■ **INSTRUCTIONS FOR THE TASK**
Taking the line with "Oval Cut Moissanite." as the first and the line with "Os ydych chi" as the last, set down the lines below exactly, pictures excluded.

■ **DATA LISTING**
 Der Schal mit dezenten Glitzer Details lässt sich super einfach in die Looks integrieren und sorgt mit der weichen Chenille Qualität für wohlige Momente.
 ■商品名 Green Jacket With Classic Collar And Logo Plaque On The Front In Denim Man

...

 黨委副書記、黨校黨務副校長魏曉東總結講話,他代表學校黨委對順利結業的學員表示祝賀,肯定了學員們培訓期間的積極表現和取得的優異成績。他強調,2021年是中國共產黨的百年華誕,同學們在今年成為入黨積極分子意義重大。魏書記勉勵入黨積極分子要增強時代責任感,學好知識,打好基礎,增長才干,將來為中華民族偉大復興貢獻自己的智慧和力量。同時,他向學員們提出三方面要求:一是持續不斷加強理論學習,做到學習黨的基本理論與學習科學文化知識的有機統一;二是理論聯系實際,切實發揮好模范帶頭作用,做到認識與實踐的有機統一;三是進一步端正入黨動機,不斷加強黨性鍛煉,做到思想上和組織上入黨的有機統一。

---

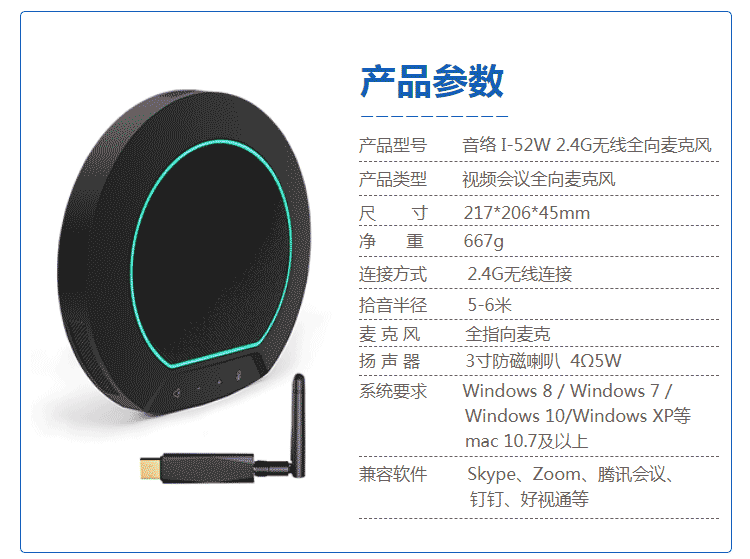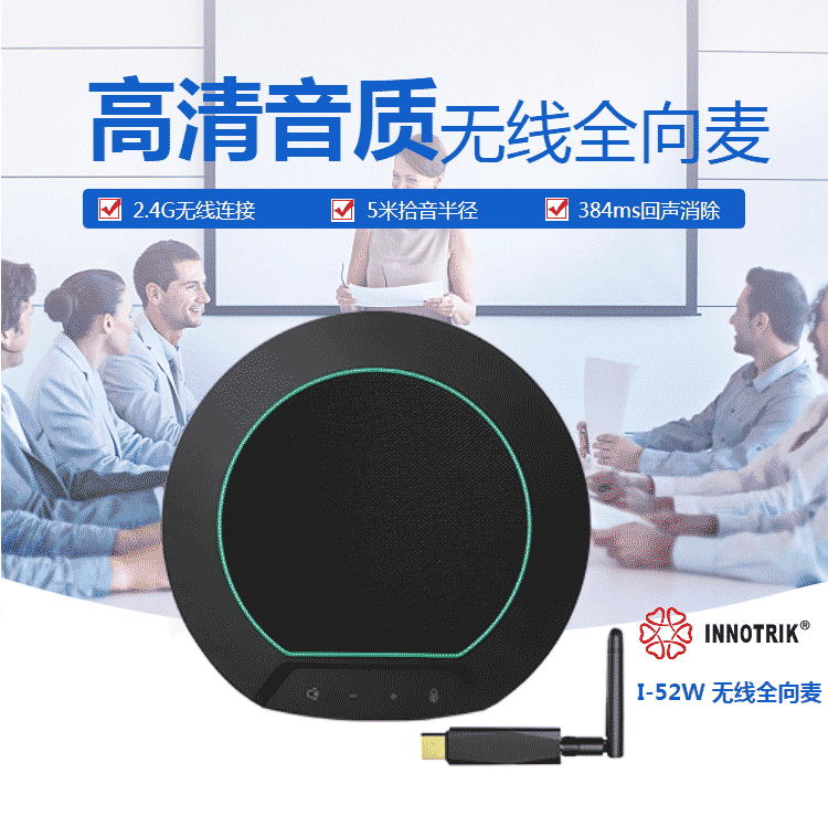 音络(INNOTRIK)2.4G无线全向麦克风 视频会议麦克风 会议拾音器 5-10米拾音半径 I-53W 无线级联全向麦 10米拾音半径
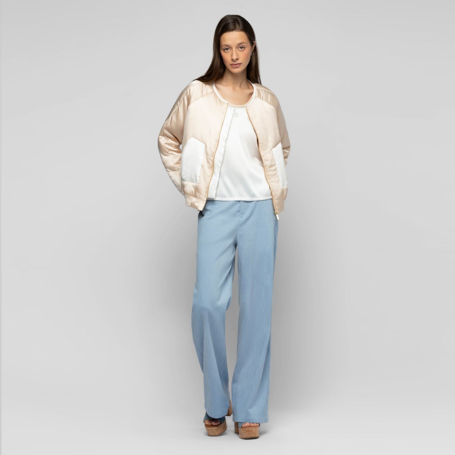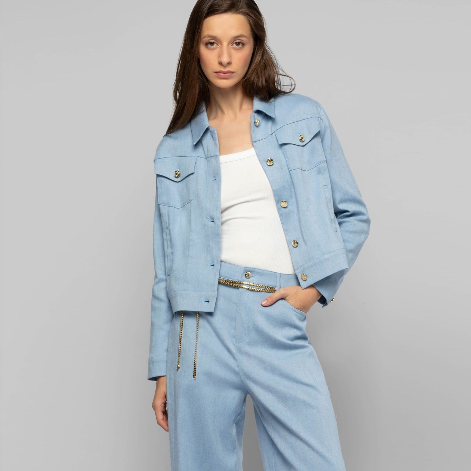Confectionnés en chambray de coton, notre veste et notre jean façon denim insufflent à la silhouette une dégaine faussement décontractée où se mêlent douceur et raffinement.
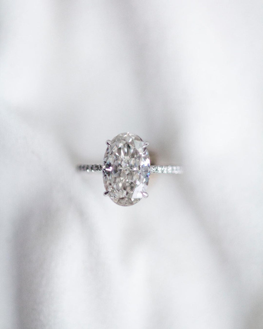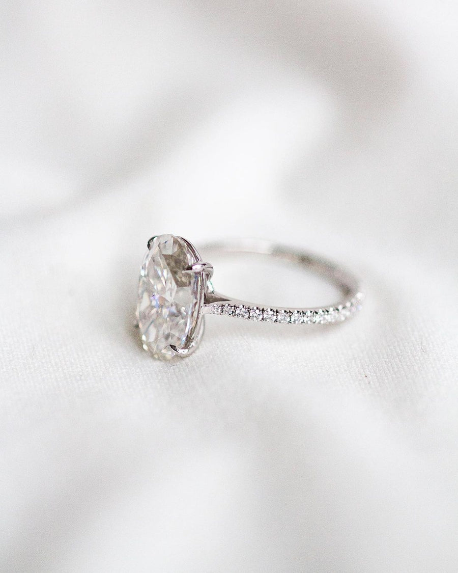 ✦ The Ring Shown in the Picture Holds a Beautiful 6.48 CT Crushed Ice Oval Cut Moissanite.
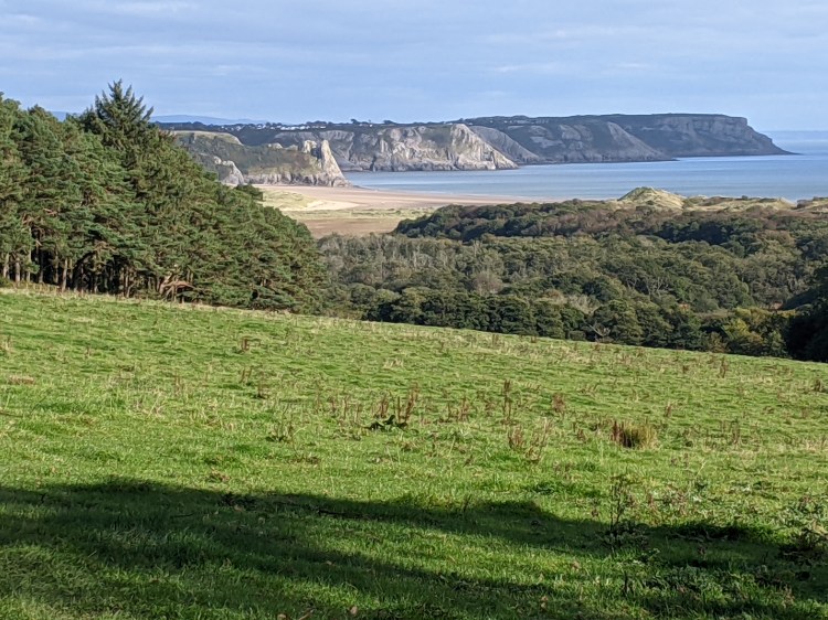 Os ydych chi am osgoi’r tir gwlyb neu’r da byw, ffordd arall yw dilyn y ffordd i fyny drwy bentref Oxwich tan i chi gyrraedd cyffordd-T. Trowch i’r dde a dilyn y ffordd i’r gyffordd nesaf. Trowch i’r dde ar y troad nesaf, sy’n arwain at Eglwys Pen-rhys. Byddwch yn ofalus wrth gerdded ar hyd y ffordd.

■ **YOUR RESPONSE**
 ✦ The Ring Shown in the Picture Holds a Beautiful 6.48 CT Crushed Ice Oval Cut Moissanite.
 Os ydych chi am osgoi’r tir gwlyb neu’r da byw, ffordd arall yw dilyn y ffordd i fyny drwy bentref Oxwich tan i chi gyrraedd cyffordd-T. Trowch i’r dde a dilyn y ffordd i’r gyffordd nesaf. Trowch i’r dde ar y troad nesaf, sy’n arwain at Eglwys Pen-rhys. Byddwch yn ofalus wrth gerdded ar hyd y ffordd.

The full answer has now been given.